Was awesome down here, especially the weather, and Mathieu tells me he is
still a fabulous great guy.  He even managed his first thermals over the
beach and gained a bit of alitutude!"

Believe it or not, Trevor was probably the rockstar of this group of guys
doing their first SIVs, nailing most of his maneuvers and then towing up
for some thermals on his last flight which lasted 20 - 30 minutes..

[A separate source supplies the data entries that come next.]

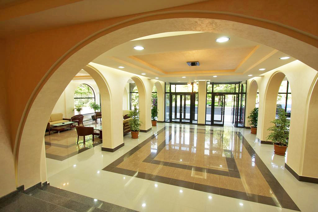 Современное здание гостиницы состоит из 7 корпусов связанных между собой внутренними коридорами. Отель имеет развитую инфраструктуру с широким спектром услуг - обширная зеленая территория, рестораны и бары, крытый и открытый бассейны, конференц залы, боулинг клуб, диско-клуб, тренажерный зал и спа-центр, детская площадка и мини клуб. Живописная природа и мягкие климатические условия делают это место идеальным как для активного, семейного отдыха, или оздоровления, так и для проведения бизнес-встреч и конференций различного уровня.
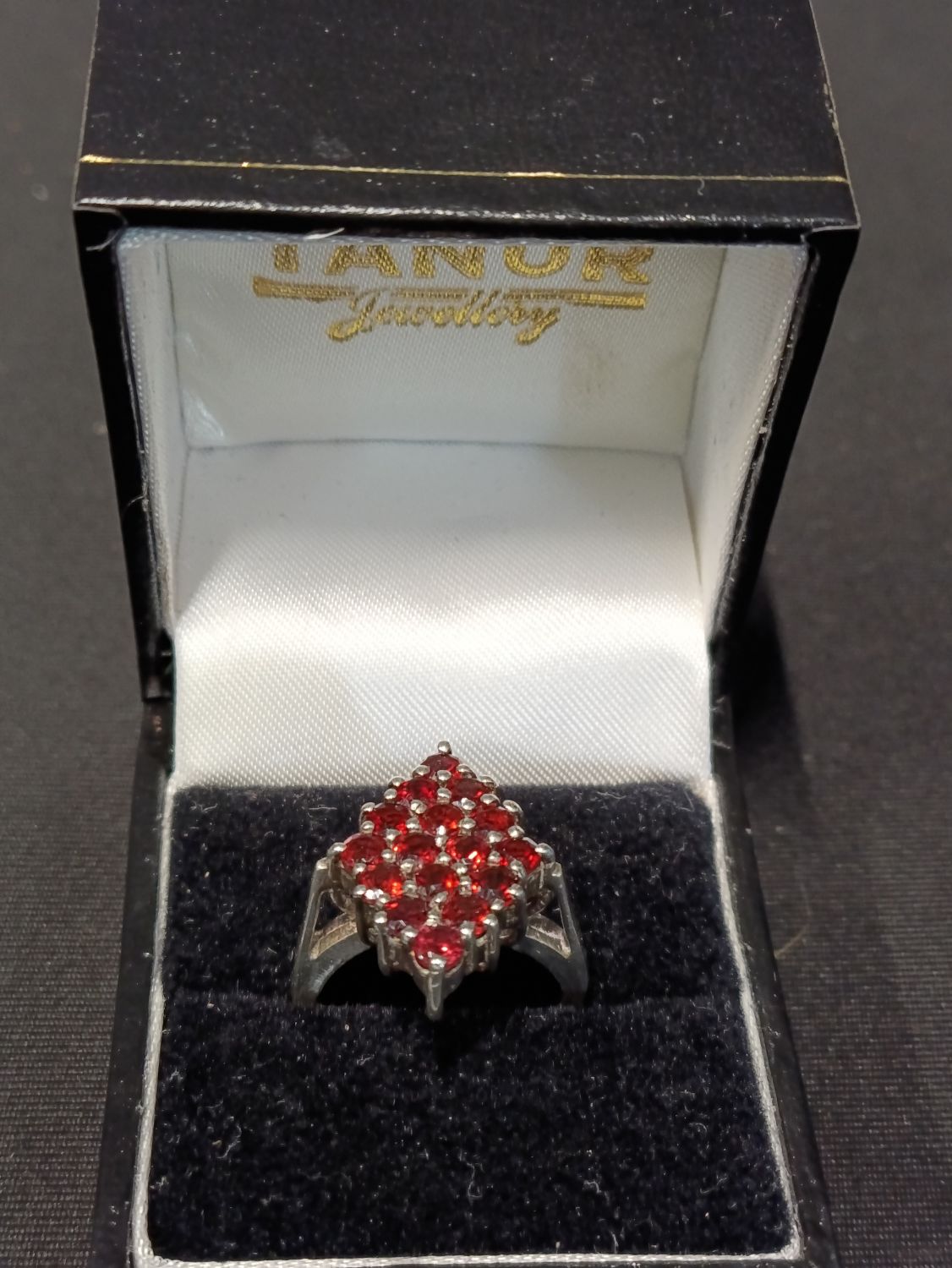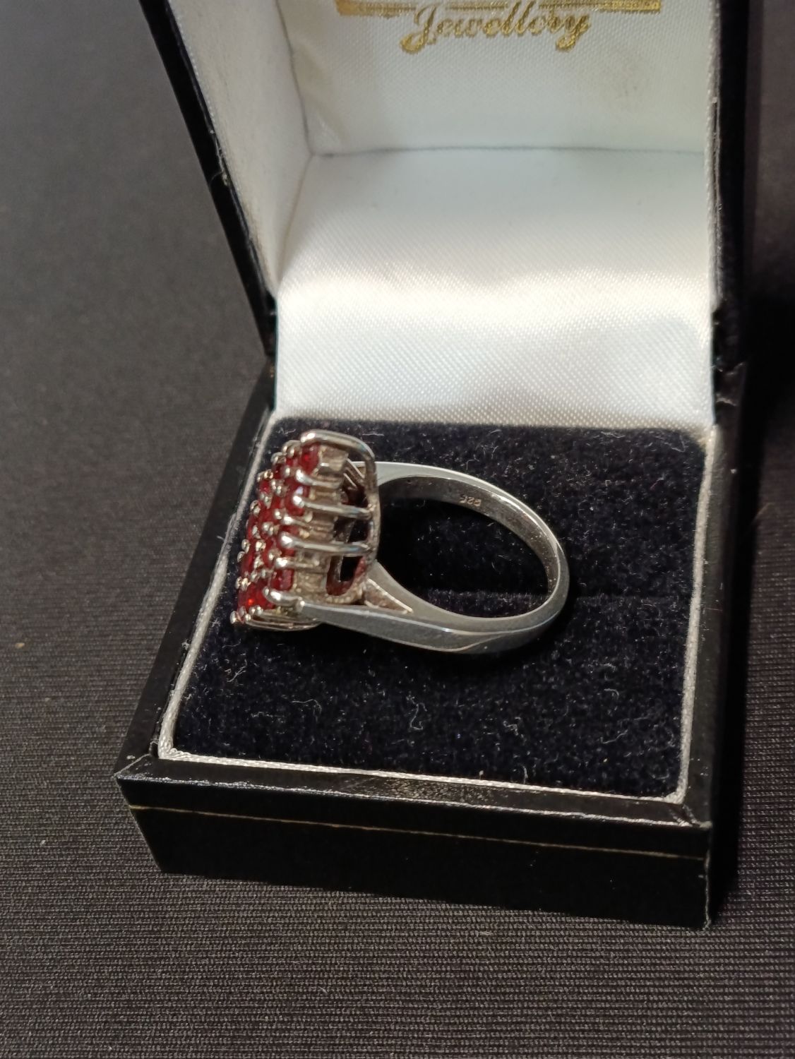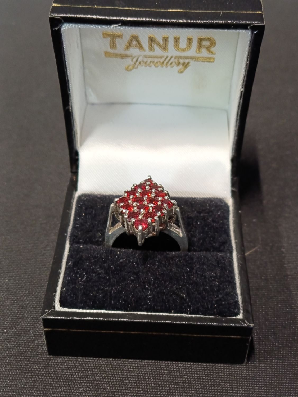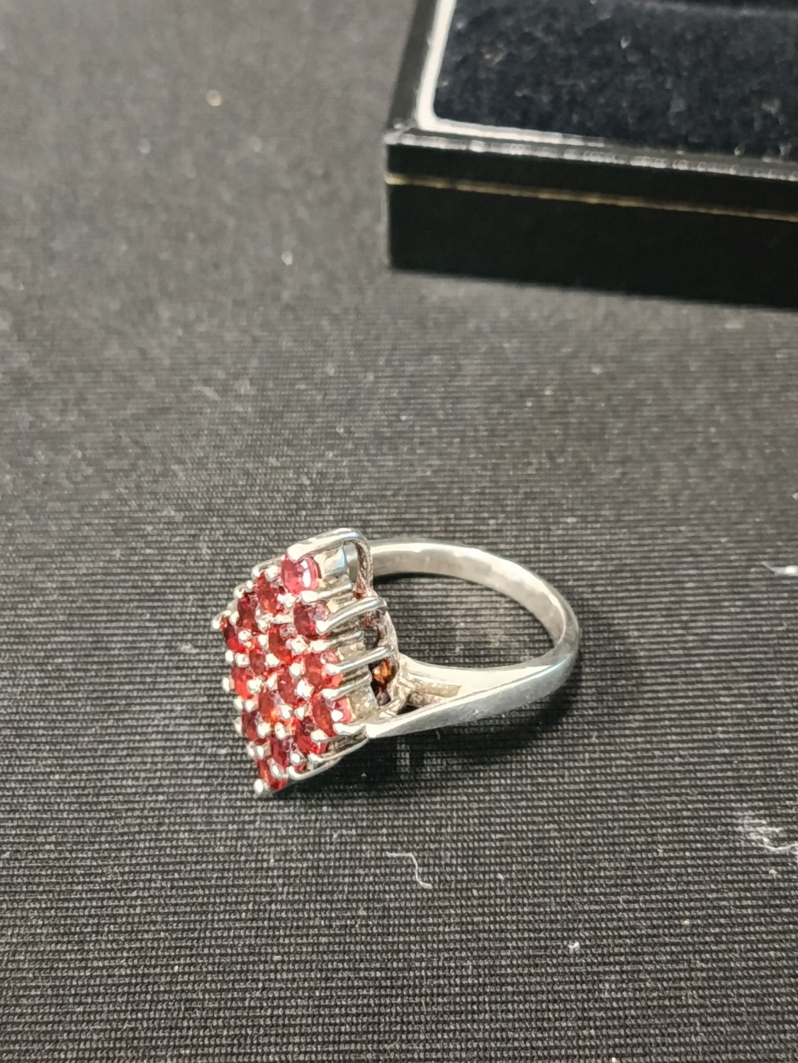 Sterling silver ring with red garnet stones set in a diamond configuration. Approximately size J.
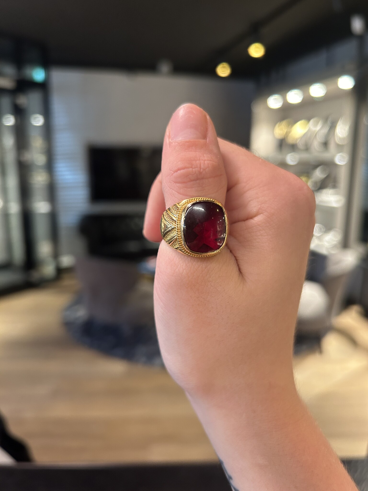Ring met grote rode steen
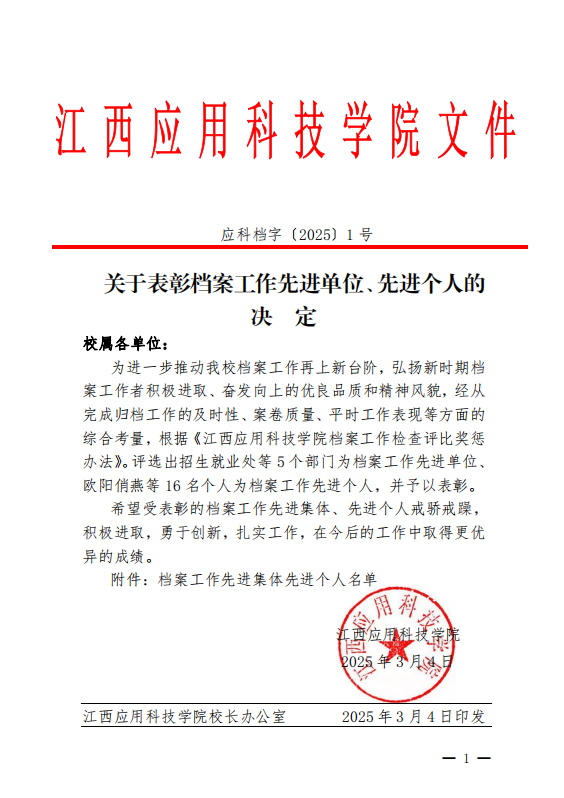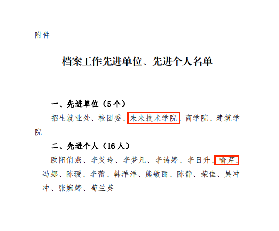 此次荣获档案工作先进单位称号,是对学院档案管理工作的高度认可和肯定。学院将以此为契机,进一步总结经验,发扬成绩,不断提升档案管理人员的业务能力和服务水平,积极探索档案管理的新模式、新方法,推动档案管理工作再上新台阶,为学校各项事业的发展提供更加坚实有力的支撑。

ANywas, that is all for now.

See you in a few days.


Saturday, May 16, 2009

Fwd: SIV update

>> Hey Vincene and Keith,
>> weather down here is awesome! 20-30C sunshine....
>> just give you a quick update...
>> I towed up first thing this morning, did a few basic manuevers, was a
>> blast.. came in to land... I know I have put weight on but man that
>> is the
>> hottest that I have ever come in (no wind to help slow my fat ass
>> down),
>> and the flare didnt do much to slow me down, but managed to stay on
>> my
>> feet
>> Dan towed up next... was a little dicey (he said he had his break
>> handle
>> caught thru his risers and couldnt turn while on tow... never
>> occurred to
>> him to avoid the handle and just go for the actual break line...
>> but, with
>> a little anxious moments Chris got him back on track and he did a tow
>> (close to lockout a couple of times)... did his manuevers really well
>> Trevor went next... awesome first SIV flight
>> Then the Frenchy-left-backward edmontonian with a fake accent
>> towed...
>> awesome first SIV flight
>> Then Steve... awesome first SIV flight
>> then the boat broke down... Chris not sure if it is an engine
>> problem or
>> what, but we had to stop... so he gave the guys who hadnt towed the
>> option
>> of doing a first tow off the truck down the road
>> was starting to thermal slightly
>> Daniel went first... dicey tow but chris again got him up (again
>> almost
>> lock out a couple of times)... he did some of the over the land
>> manuevers
>> (the best was... do a right 90... alright, that was a left 90 but
>> it will
>> have to do cause it's done now)
>> Tomo went next.. was thermalling a bit more.. he did a good job
>> reversing
>> (first attempt got pulled off his feet), but second time got up...
>> bit of
>> a dicey tow again, almost lock out).. he released and hit nothing
>> but sink
>> cause he was down in about 2 minutes and didnt do any maneuvers
>> Chris said it was too dicey for any of the newbies to continue
>> today... I
>> think he might have been a little miffed with people not doing what
>> they
>> were supposed to while on tow, even after explaining, but whatever
>> I did a final tow, thermalled around for 25 minutes or so and then
>> decided
>> to land cause the thermals were getting a bit strong for my comfort
>> level
>> in the desert and the wind was picking up (starting to get parked,
>> and not
>> too familiar with the how strong they get here, so chose to get
>> down while
>> i could still move forward!)
>> Chris has taken the boat back to his buddy, so hopefully he will
>> have it
>> repaired in the next couple of days. We are gonna head into SLC in
>> an
>> hour, and maybe try the Point if the wind cooperates. As it
>> stands, we
>> have had 6 people tow and manuever; Tomo towed but did not
>> manuever, and
>> Terry has yet to tow.
>> Cheers, and i'll see you on Wednesday or Thursday.